Lectures

FACE À LA CRISE

Derrière la « crise du siècle », la possibilité d’un monde nouveau

lundi 2 février 2009
Lecture .

Ancien directeur du Monde diplomatique, président de l’association Mémoire des luttes, Ignacio Ramonet souligne dans son nouvel ouvrage la faillite de la doctrine néolibérale et plaide pour un « socialisme du XXIe siècle » qui redonne l’initiative aux citoyens.

Le Krach parfait. Crise du siècle et refondation de l’avenir.
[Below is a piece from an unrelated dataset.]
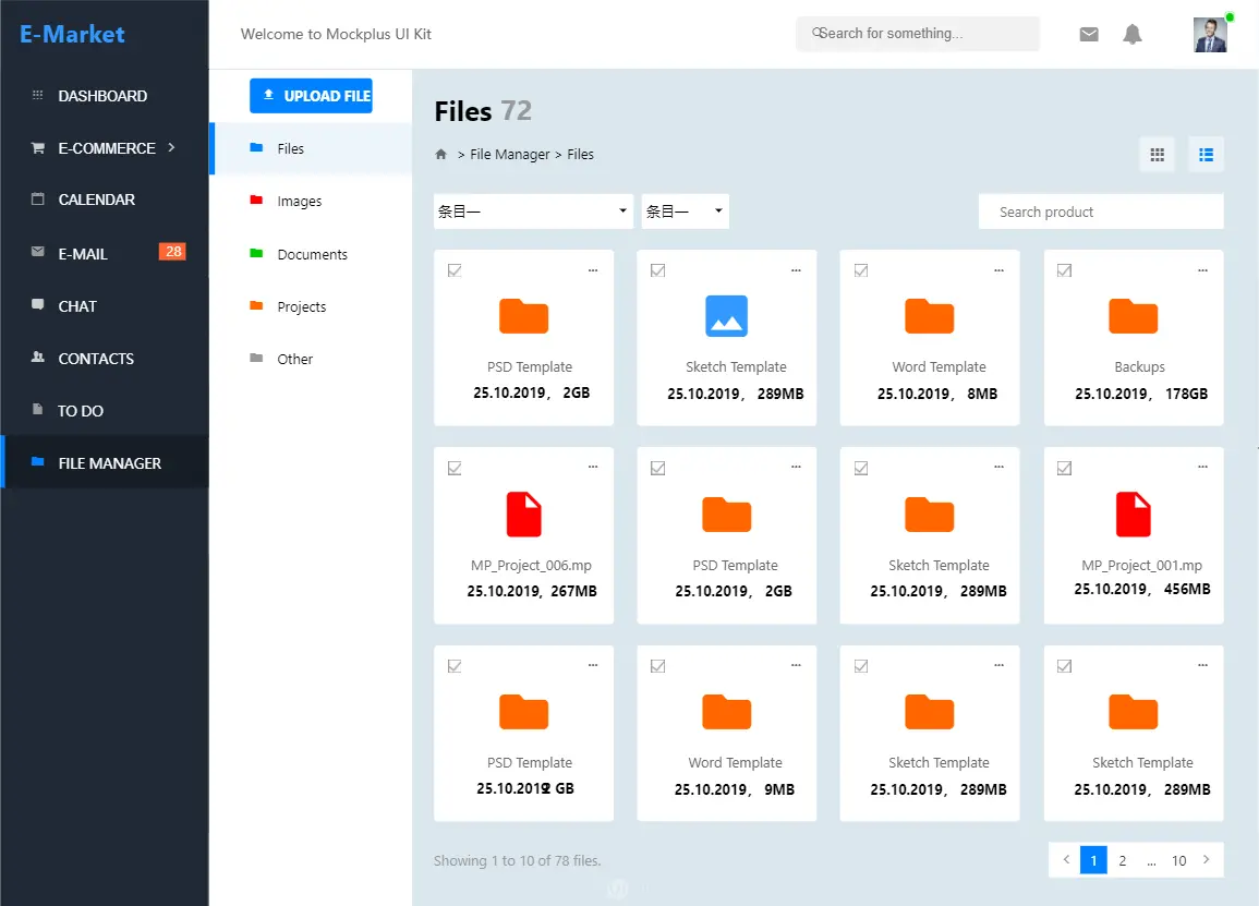 电商管理系统E-Market属于中高保真原型,包含登录注册、数据统计、信息管理、邮件、聊天、任务管理等19个重要页面,每个页面都具备必要的交互设计,较好地呈现了电管理系统的基础功能。

Éditions Galilée, 146 pages, 18 euros.

Les ouvrages autour de la crise sont désormais légion. Celui d’Ignacio Ramonet se distingue par sa qualité pédagogique. La séquence de la crise dite des « subprimes » (ou crédits hypothécaires immobiliers), aux États-Unis, y est replacée dans le temps long de l’histoire du néolibéralisme et de la financiarisation de l’économie. C’est au sein des équipes entourant les dictateurs Pinochet au Chili et Suharto en Indonésie qu’officient, au milieu des années 1970, les idéologues monétaristes dont les vues seront reprises et propagées en 1979 par Margaret Thatcher au Royaume-Uni, puis en 1980 par Ronald Reagan aux États-Unis, rappelle opportunément Ignacio Ramonet. À l’heure où la construction d’alternatives concrètes à la mondialisation néolibérale devient une urgence sociale, y compris dans les pays riches, désarmer toute prétention démocratique des néolibéraux constitue un enjeu stratégique de premier plan. Mais il ne suffit pas, évidemment, de décomplexer l’action collective. Il faut encore débusquer certaines impasses, a fortiori dans un contexte de retour au galop du politique. Dans le chapitre « La fabrique du krach », on prend ainsi la mesure de l’impact de « l’ère Internet » sur les esprits. C’est en effet par une approche du progrès des technologies de l’information et de la communication comme « promesse d’une croissance illimitée » que le néolibéralisme obtient la « conversion de la social-démocratie », au fil des années 1980 et 1990. La suite est connue : en 2001, la « bulle » Internet explose, amorçant un repli de l’économie que l’administration Bush, aux États-Unis, tentera de conjurer en encourageant les ménages modestes à investir dans l’immobilier. Le message de Ramonet est clair : il ne peut y avoir d’alternative sans effort pour arracher le progrès technique lui-même aux schémas néolibéraux. Et ce défi ne peut être relevé que sous l’impulsion politique des citoyens eux-mêmes. Face à la crise, l’ouvrage d’Ignacio Ramonet nous aide à prendre conscience de la nécessité de démocratiser l’économie à partir du débat sur les finalités de la production, et non uniquement à partir du refus, plus que légitime par ailleurs, de la spéculation.